Report on funds
We the subscribers having perused the accounts of Joshua Morris, the meeting’s treasurer, do report that the said treasurer credits the meeting with several sums received on the meeting’s accounts from the year 1761 ... including £28 for the rent of William Carter’s legacy to this meeting, the whole being the sum of £157/12/11, and that he paid by order of this meeting in that time (including £40 paid for schools for poor children) the sum of £137/11/8; balance in his hands the 24th of the 11th month, 1766 is £20/1/3.
We likewise report that we find five years’ rent of four pounds a year and a year’s rent of six pounds on the said Carter’s legacy outstanding and not yet collected or received by him.[470]
A minute of 1735 entered in the meeting’s records affords us an interesting glimpse into the nature of the books used for the Friends’ schools. These books are very frequently mentioned in many of the meeting’s records, and many of them were always on sale by booksellers such as Franklin in Philadelphia.[471] There seems to be no doubt that they constituted one of the staples of the mental pabulum. The extract in which they are mentioned illustrates also the initiative taken by the meeting in the direction of affairs relating to schools.
Books used in schools
And further to let the quarterly meeting understand that this meeting conceives that reprinting a quantity of George Fox’s Primers and Stephen Crisp’s ditto and of George Fox’s The Youngers might be advantageous to those children of Friends in school or elsewhere. We, therefore, refer the same to said meeting’s consideration.[472]
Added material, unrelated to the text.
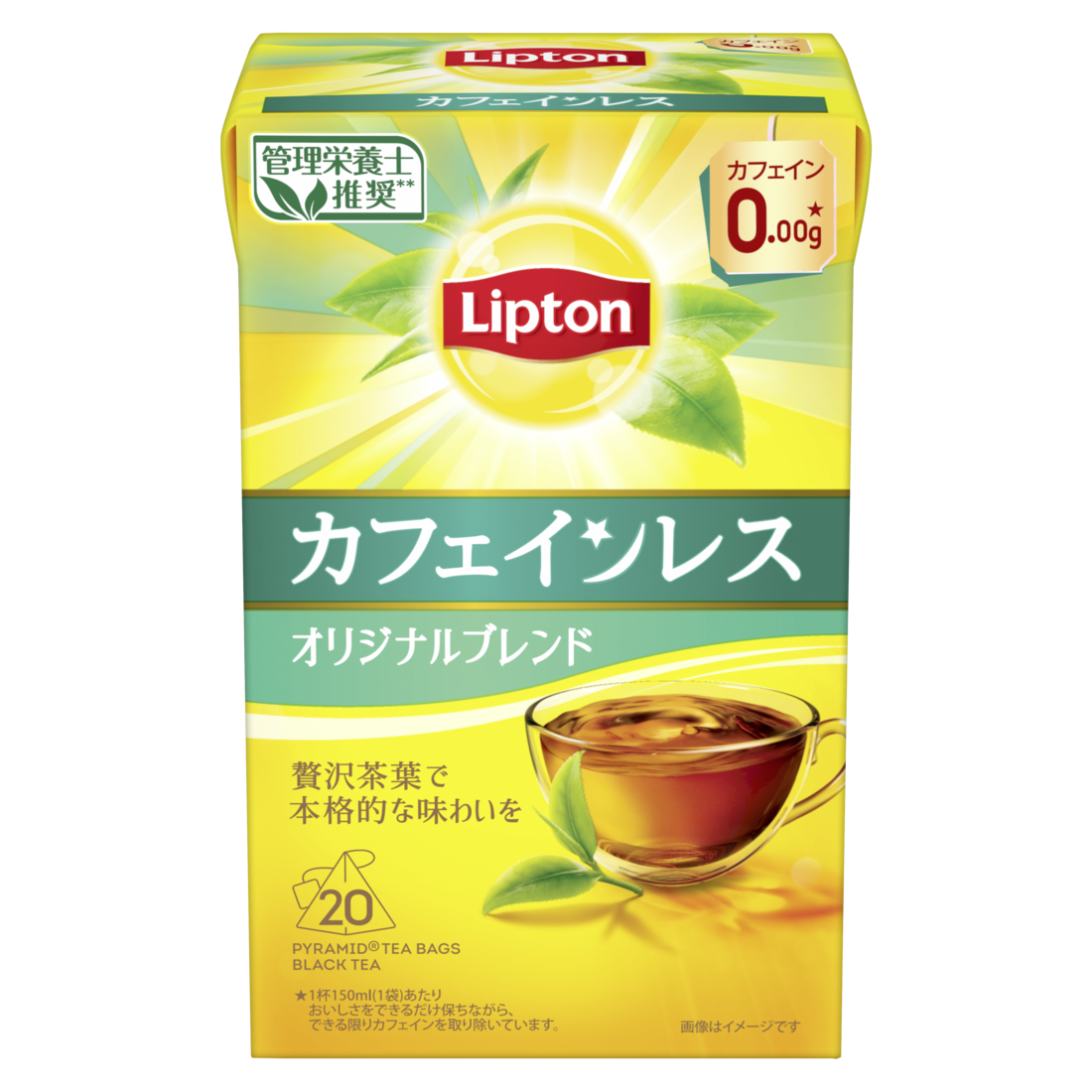 この度管理栄養士推奨マークがついてリニューアルする、発売当初から定番フレーバーとして人気の「リプトン カフェインレスティー オリジナルブレンド」は、摘みたて茶葉のような爽やかな香りが特徴。夜だけでなく食事や日中のリラックスタイムなど、様々なシーンで味わえる一杯に仕上げています。
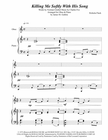 Killing Me Softly With His Song (arr. James M. Guthrie)

The Abington Meeting began at an early date to work for a better organization among its schools, coöperating heartily with the suggestions of the yearly meeting from time to time. The yearly meeting in 1746 and 1750 made several suggestions for the improvement of schools,[473] which were in 1751 followed by Abington with a statement that
This meeting has gone through in the several branches thereof in the service of visiting of families and to general satisfaction, and as to the settling of schools we have had it under consideration and some are desirous to promote the same but find many discouragements at the present, yet are in hopes it may be further considered, and....[474]
This report means nothing in terms of accomplishment, but indicates willingness and an active interest in educational problems. In reading of their “discouragements” one must keep in mind the standards set by the yearly meeting, and that their report was their idea of how they measured up to them.